After you find the URL for the Feature Server, we can get the layer:
nj_wards20_url <- "https://services2.arcgis.com/XVOqAjTOJ5P6ngMu/arcgis/rest/services/Ward_Boundaries_for_New_Jersey/FeatureServer"
nj_wards20_ftsrv <- arc_open(nj_wards20_url)
nj_wards20_ftsrv<FeatureServer <1 layer, 0 tables>>
CRS: 3424
Capabilities: Query,Extract
0: Govt_admin_ward (esriGeometryPolygon)
nj_wards20_ftlyr <- get_layer(nj_wards20_ftsrv, 0)
nj_wards20_ftlyr<FeatureLayer>
Name: Govt_admin_ward
Geometry Type: esriGeometryPolygon
CRS: 3424
Capabilities: Query,Extract
nj_wards20_ftlyr contains the wards for the entire state of NJ, but we only need the Wards for Camden County. We can let the server do the filtering for us by using additional arguments in arc_select().
First we need to construct a query expression we can use for the where argument.
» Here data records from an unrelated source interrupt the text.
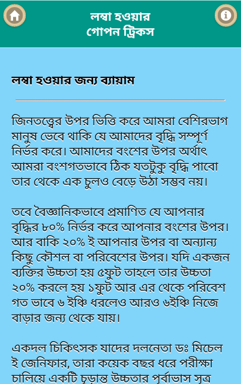 লম্বা হওয়ার গোপন ট্রিকস অ্যাপ এর মাধমে লম্বা হওয়ার কৌশল তুলে ধরা হয়েছে
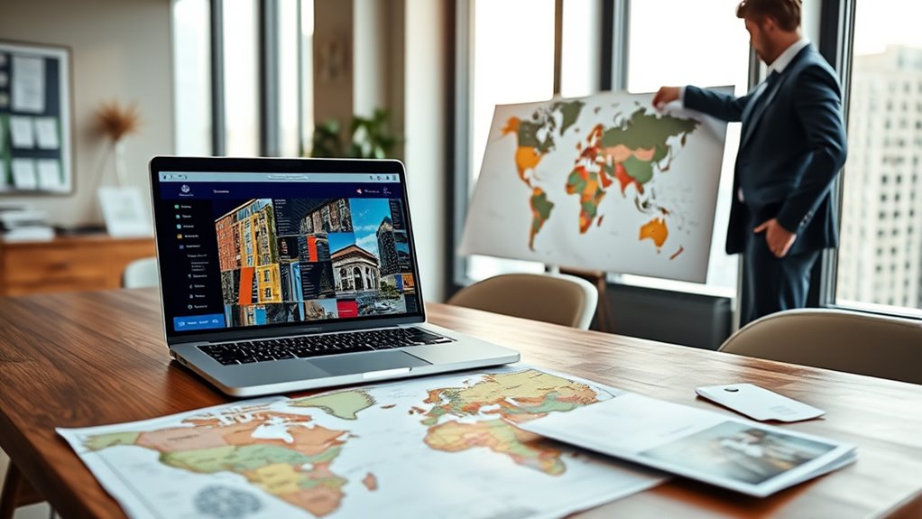 When researching foreign real estate markets, start by examining local listings and market data to spot trends and opportunities. Understand the target area’s demographics, buyer preferences, and cultural influences. Use technology like virtual tours and predictive analytics for better insights. Check legal requirements, taxes, and ownership restrictions carefully. Visit locations if possible and consult reputable agents. Continuing your exploration will reveal essential tips to help you make smarter, safer investment decisions abroad.
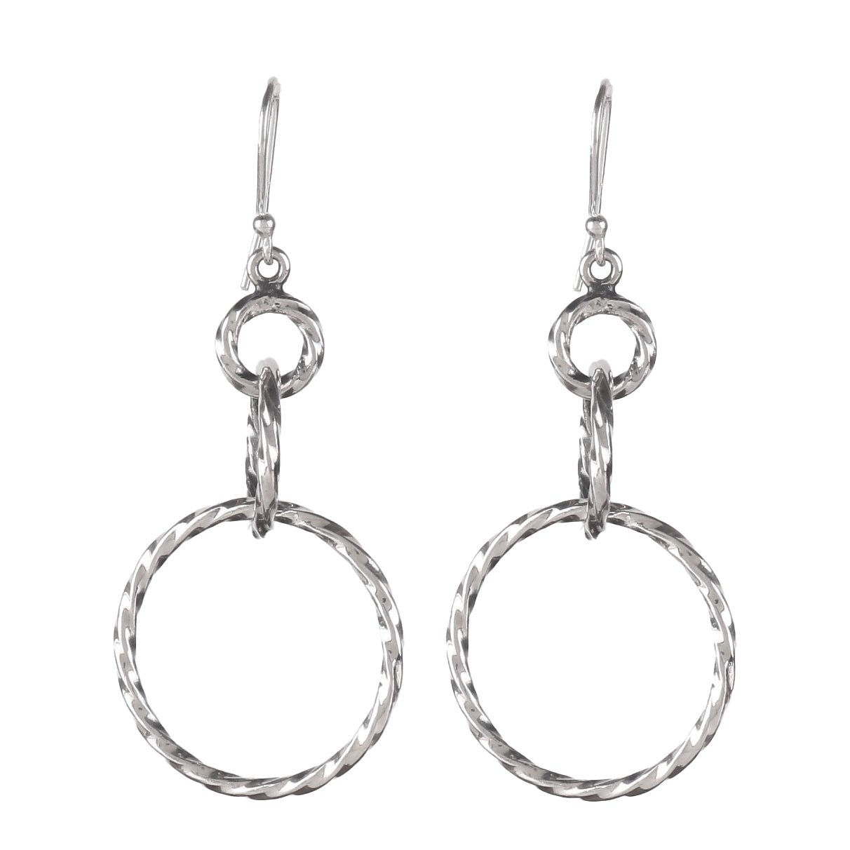Make a bold impression with these long silver earrings, perfect for a unique and fashionable look.

Let’s view the fields:
arcgislayers::list_fields(nj_wards20_ftlyr)We see a field called COUNTY that might work:
camden_wards20_prj_sf <- arcgislayers::arc_select(nj_wards20_ftlyr, where = "COUNTY = 'Camden'")
camden_wards20_prj_sfhead(camden_wards20_prj_sf)Aside from the projection, this looks good-to-go.
camden_wards20_sf <- camden_wards20_prj_sf |>
st_transform(4269)Plot:
ggplot(camden_wards20_sf) +
geom_sf() +
geom_sf(data = camden_bnd_sf, fill = NA, lwd = 1.2) +
labs(title = "Camden County Wards, 2020") +
theme_light()
And save:
3.4 CHALLENGE
Import the Camden County Schools, and plot them. (Solution)
## Your answer here4 DONE!
Remember to save your Quarto document. If you’re working on Posit Cloud, you can down a copy from the File Pane > More > Export.